=== Data section ===
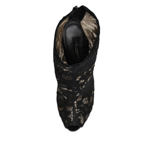 Dolce & Gabbana Black Floral Lace Heels Ankle Boots Shoes
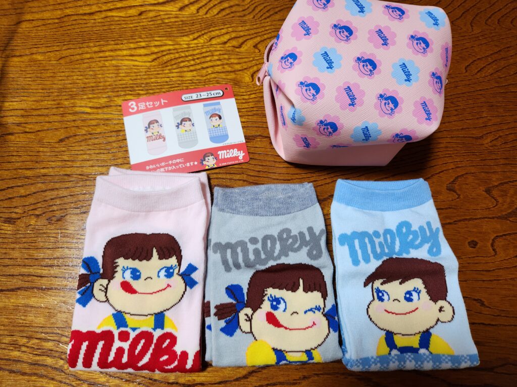 ポーチの中にはペコちゃんとポコちゃんの靴下が入っていました(*^^*)
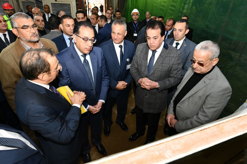 Dr. Moustafa Madbouli – the Prime Minister inspected the rehabilitation and development works of the National Cancer Institute of Cairo University. He was accompanied by Dr. Khaled Abdel Ghaffar - Minister of Higher Education and Scientific Research, Dr. Mohamed Othman Elkhosht - President of Cairo University, Dr. Hatem Abul Qassem - Dean of the National Cancer Institute, Eng. Mohsen Salah - Chairman of the Arab Contractors Company, Eng. Emam Afify - Vice Chairman of the AC and Eng. Tarek Khader - Head of Construction and Specialized Works Sector. The Prime Minister’s tour includes huge part of the important medical building that subject to the rehabilitation project after being damaged by the terrorist incident occurred last year. He listened to an explanation about the project which started immediately after the accident and scheduled to end in June 2020 with a cost reached 100.000.000 EGP. This is to re-increase the efficiency of the headquarters which consists of number of buildings: the patients building comprising 7 floors includes the followings: operating theaters, intensive care, pediatric department, patients rooms, doctors' housing, nursing staff, administrative building and other for lectures halls, a building for pediatric clinics, early detection, pain treatment and pharmacies. The Minister of Higher Education explored the implementation phases of the project which is divided into 2 phases: the first related to the damages repair and the second phase concerning the development and upgrading works. A detailed explanation was provided about ongoing works in light of the time schedule submitted by the Arab Contractors Company for development project for the buildings of the National Cancer Institute; besides, the clarification of the actual implementation rates of the project at all its stages. He pointed out that the first phase witnesses the repairing works of the internal damages of the medical building, internal and external facades, repairing works of the damaged floors within the lectures hall building; besides the rehabilitation works of the emergency area and the main entrance. The second phase includes the removal of all the random installations in the northern and southern courtyards, the construction of a lounge for the patients and their families, the construction of alternative movement paths, clinics for early detection, pain treatment, a lounge for doctors and pharmacies. Besides, the upgrading works of the administrative buildings and the lecture hall, as well as the development of electromechanical works for the administrative building, a parking, early detection area and pain treatment. Dr. Khaled Abdel Ghaffar discussed the developments in the emergency area and the exterior yard which included the expansion of the emergency area and increasing the capacity for 18 beds instead of 12. In addition to the separation of the emergency service through the main entrance and constructing a new entrance with a ramp and a stair for the special needs people. Besides, connecting the emergency area with the inner yard, the northern building and clinics. The emergency area was developed to maximize its benefit by organizing and providing waiting areas for patients and their families with a capacity of 80 persons; organizing the movement paths, overall maintenance for the maintenance area of the civil and electromechanical works. The Prime Minister inspected the southern building of the National Cancer Institute which its construction works is ongoing; he listened to an explanation about the building. The initial cost of the building is 320 million EGP, Sheikh Sultan El Qassimy - El Sharjah Governor bearing 160 million EGP, the other 160 million EGP is a governmental financing. The building is consisting of 6 floors which include 262 beds divided into 105 beds for chemical treatment, 128 beds for patients, 6 operation theaters, 18 care rooms and 5 residence beds. Besides, a bridge connection in the building linking the clinics and the building, an integrated network of gases, a new power plant and the construction process has taken into consideration the strengthen of the columns to resist earthquakes. The Prime Minister gave his direction to intensify the work for speed completion of the building because it is the outlet for receiving patients and relieve pressure on the northern building. Regarding the developments of the main entrance area, the Dean of the National Cancer Institute explained that the rehabilitation works include the increase in the number of doors to 3, specifying the entry paths to coordinate the entry and exit process safely. In addition to electronic gates, metal detector with radiation and the creation of 2 internal security offices for the Institute and the police at the entrance to tight control of the institute’s entrance. Besides, increasing the building’s efficiency in the entrance area through structural reinforcement, building of a ticket room to deal with the public and reducing the numerical density of the entrance by removing the internal ramp and moving it to the interior parking in addition to a complete development for the civil and electromechanical works. Regarding the works of the northern building; there is a complete maintenance for 7 floors including civil work and increasing the efficiency of the electromechanical works. The external facades: the cutting and removal of the accident’s debris with a total amount 1000m2, the restoration of all the external facades, supplying, installation and finishing works were carried out for 3400m2. The development of the exterior park: the construction of a ramp for the patients and their families to maximize the medical care; an elevator in the courtyard to facilitate the movement for the patients and doctors and decrease the pressure on the existing elevators. The introduction of a digital system to organize patients’ entries and having the maximum benefit from the medical care, e
===
Please give back exactly, and with no pictures, the lines from where the listing above begins through the line containing "ポーチの中にはペコちゃんとポコちゃんの靴下が入っていました(*^^*)".

**Answer area:**
 Dolce & Gabbana Black Floral Lace Heels Ankle Boots Shoes
 ポーチの中にはペコちゃんとポコちゃんの靴下が入っていました(*^^*)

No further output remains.